**Your task:** Beginning with the top line of the listing below, give again every line up to and including the line with "I added the"; pictures do not belong in the copy.

**Dataset excerpt:**
%%
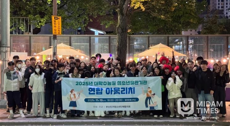 미담타임스 김교환 기자 | 부산진구는 대학수학능력시험일인 11월 13일 18시부터 놀이마루 앞 동천은행나무길 일원에서 청소년 유관기관과 함께 ‘청소년 연합 아웃리치’ 활동을 전개했다.
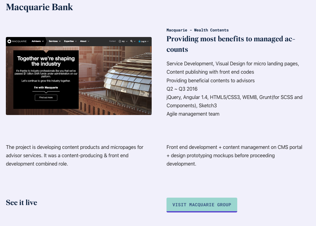 I added the portfolio showcase project “Macquarie Bank - Wealth Product.”
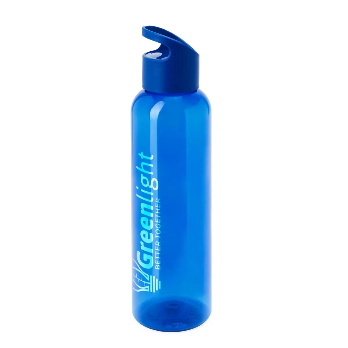 Bidón de tritán con cuerpo en color translúcido. Tapón a juego con asa de transporte integrada. Capacidad 650ml. Presentación en caja diseño.
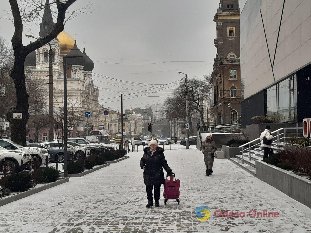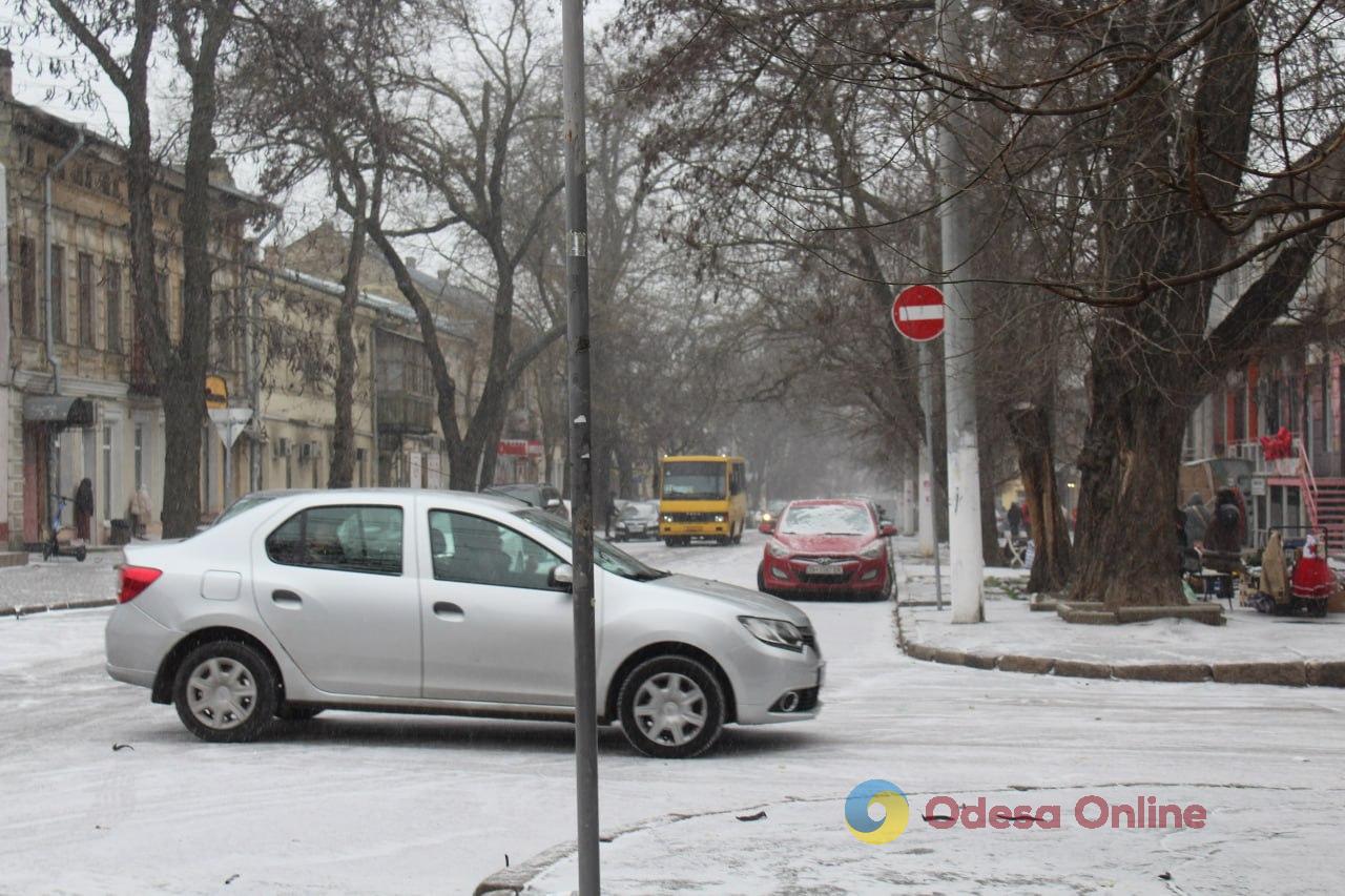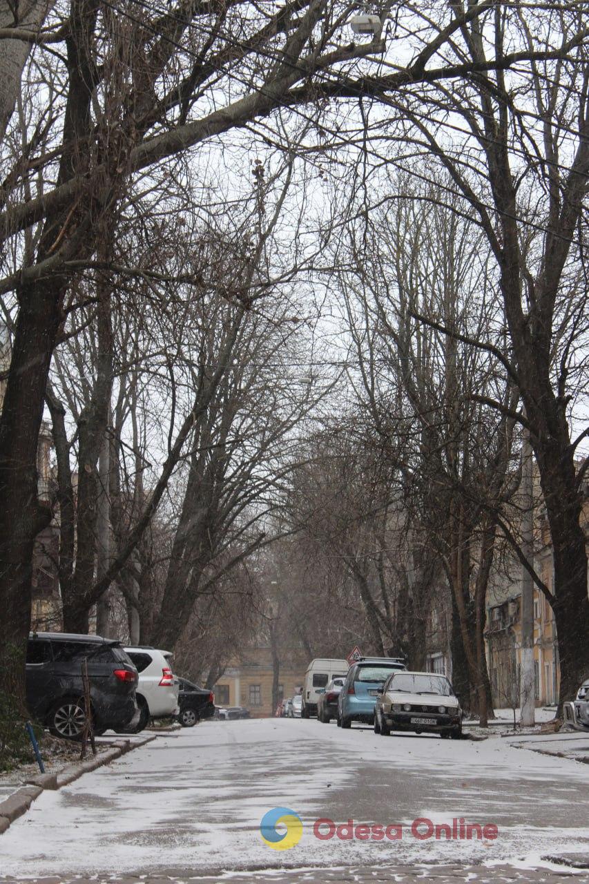 26 грудня в Одесі пішов перший сніг цієї зими — легкі сніжинки з’явилися над містом і вже взялися тонким шаром на дахах, автівках та тротуарах.
%%
**Response below:**
 미담타임스 김교환 기자 | 부산진구는 대학수학능력시험일인 11월 13일 18시부터 놀이마루 앞 동천은행나무길 일원에서 청소년 유관기관과 함께 ‘청소년 연합 아웃리치’ 활동을 전개했다.
 I added the portfolio showcase project “Macquarie Bank - Wealth Product.”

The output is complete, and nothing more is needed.